TASK REQUIREMENTS: From the listing below, set down exactly the lines between the one holding "как выглядит Japanese" and the one holding "Smoky Quartz Pear", inclusive. No other line is wanted.

-- DATA follows --

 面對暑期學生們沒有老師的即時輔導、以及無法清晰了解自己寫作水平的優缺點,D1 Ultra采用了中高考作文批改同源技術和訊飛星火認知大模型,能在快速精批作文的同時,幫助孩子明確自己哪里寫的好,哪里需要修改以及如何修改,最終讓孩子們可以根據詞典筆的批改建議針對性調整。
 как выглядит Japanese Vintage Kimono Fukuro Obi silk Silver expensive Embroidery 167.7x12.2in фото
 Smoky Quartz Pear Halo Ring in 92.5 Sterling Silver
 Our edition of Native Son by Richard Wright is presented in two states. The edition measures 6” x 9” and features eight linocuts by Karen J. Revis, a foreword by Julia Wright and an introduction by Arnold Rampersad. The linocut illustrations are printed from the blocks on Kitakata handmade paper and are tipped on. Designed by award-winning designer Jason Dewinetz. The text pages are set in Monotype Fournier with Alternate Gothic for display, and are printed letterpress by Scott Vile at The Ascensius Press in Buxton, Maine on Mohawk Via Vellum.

-- DATA concluded --

ANSWER SECTION:
 как выглядит Japanese Vintage Kimono Fukuro Obi silk Silver expensive Embroidery 167.7x12.2in фото
 Smoky Quartz Pear Halo Ring in 92.5 Sterling Silver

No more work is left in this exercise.